The bicycle frame is a bit wonky but the pelican itself is great: https://gist.g...

stkai · 2026-02-05T18:56:40 1770317800

Would love to find out they're overfitting for pelican drawings.

fdeage · 2026-02-05T23:28:49 1770334129

OpenAI claims not to: https://x.com/aidan_mclau/status/1986255202132042164

mattacular · 2026-02-06T13:01:28 1770382888

That settles it

fragmede · 2026-02-05T19:54:41 1770321281

The estimation I did 4 months ago:

> there are approximately 200k common nouns in English, and then we square that, we get 40 billion combinations. At one second per, that's ~1200 years, but then if we parallelize it on a supercomputer that can do 100,000 per second that would only take 3 days. Given that ChatGPT was trained on all of the Internet and every book written, I'm not sure that still seems infeasible.

https://news.ycombinator.com/item?id=45455786

eli · 2026-02-05T20:07:21 1770322041

How would you generate a picture of Noun + Noun in the first place in order to train the LLM with what it would look like? What's happening during that 1 estimated second?

fragmede · 2026-02-06T12:59:02 1770382742

Use any of the image generation models (eg Nanobanana, Midjourney, or ChatGPT) to generate a picture of a noun on a noun. Simonw's test is to have a Language (text) model generate a Scalar Vector Graphic, which the language model has to do by writing curves and colors, like draw a spline from point 150,100 to 200,300 of type cubic, using width 20, color orange.

In that hypothetical second is freaking fascinating. It's a denoising algorithm, and then a bunch of linear algebra, and out pops a picture of a pelican on a bicycle. Stable diffusion does this quite handily. https://stablediffusionweb.com/image/6520628-pelican-bicycle...

metalliqaz · 2026-02-05T21:51:52 1770328312

its pelicans all the way down

Terretta · 2026-02-05T20:39:20 1770323960

This is why everyone trains their LLM on another LLM. It's all about the pelicans.

AnimalMuppet · 2026-02-05T21:28:47 1770326927

But you need to also include the number of prepositions. "A pelican on a bicycle" is not at all the same as "a pelican inside a bicycle".

There are estimated to be 100 or so prepositions in English. That gets you to 4 trillion combinations.

jodrellblank · 2026-02-06T15:41:15 1770392475

The prompt was "a pelican riding a bicycle"; not prepositions but every verb. Potentially every adverb+verb combination - "a pelican clumsily pushing a bicycle"

theanonymousone · 2026-02-05T21:44:45 1770327885

Even if not intentionally, it is probably leaking into training sets.

andy_ppp · 2026-02-05T19:16:19 1770318979

Yes, Racoon on a unicycle? Magpie on a pedalo?

throw310822 · 2026-02-05T21:27:51 1770326871

Correct horse battery staple:

https://claude.ai/public/artifacts/14a23d7f-8a10-4cde-89fe-0...
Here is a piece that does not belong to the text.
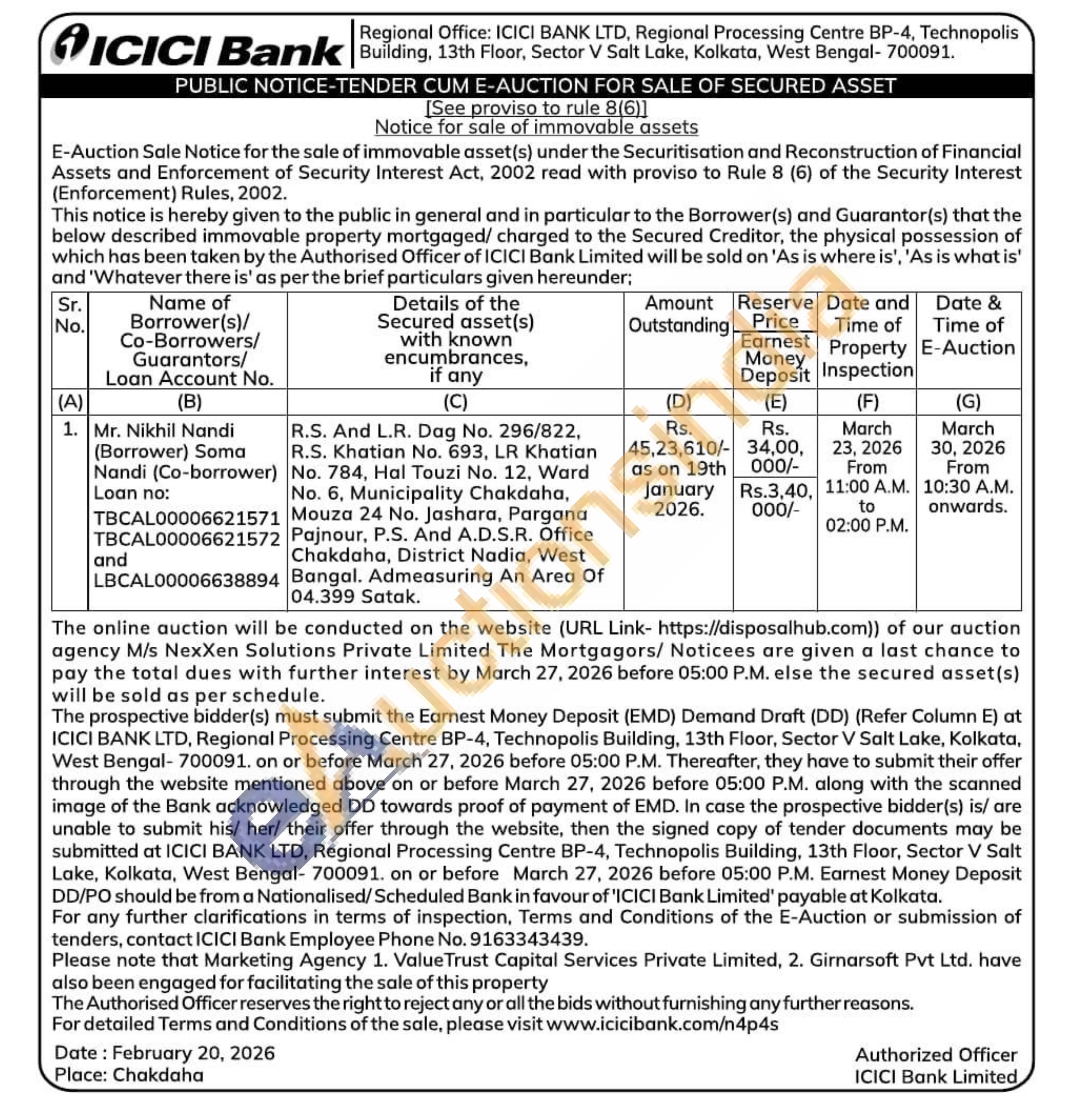 R.S. And L.R. Dag No. 296/822, R.S. Khatian No. 693, LR Khatian No. 784, Hal Touzi No. 12, Ward No. 6. Municipality Chakdaha, Mouza 24 No. Jashara, Pargana Pajnour, P.S. And A.D.S.R. Office Chakdaha, District Nadia, West Bangal. Admeasuring An Area Of 04.399 Satak.

Schlagbohrer · 2026-02-06T15:58:24 1770393504

That is the nastiest, ugliest horse ever

HappMacDonald · 2026-02-07T23:46:29 1770507989

wait, how do you know my pw?

ta988 · 2026-02-05T21:49:58 1770328198

no staple?

iwontberude · 2026-02-05T22:24:54 1770330294

it looks like a bodge wire

_kb · 2026-02-05T22:38:37 1770331117

Platypus on a penny farthing.

gcanyon · 2026-02-05T18:44:25 1770317065

One aspect of this is that apparently most people can't draw a bicycle much better than this: they get the elements of the frame wrong, mess up the geometry, etc.

arionmiles · 2026-02-05T20:08:32 1770322112

There's a research paper from the University of Liverpool, published in 2006 where researchers asked people to draw bicycles from memory and how people overestimate their understanding of basic things. It was a very fun and short read.

It's called "The science of cycology: Failures to understand how everyday objects work" by Rebecca Lawson.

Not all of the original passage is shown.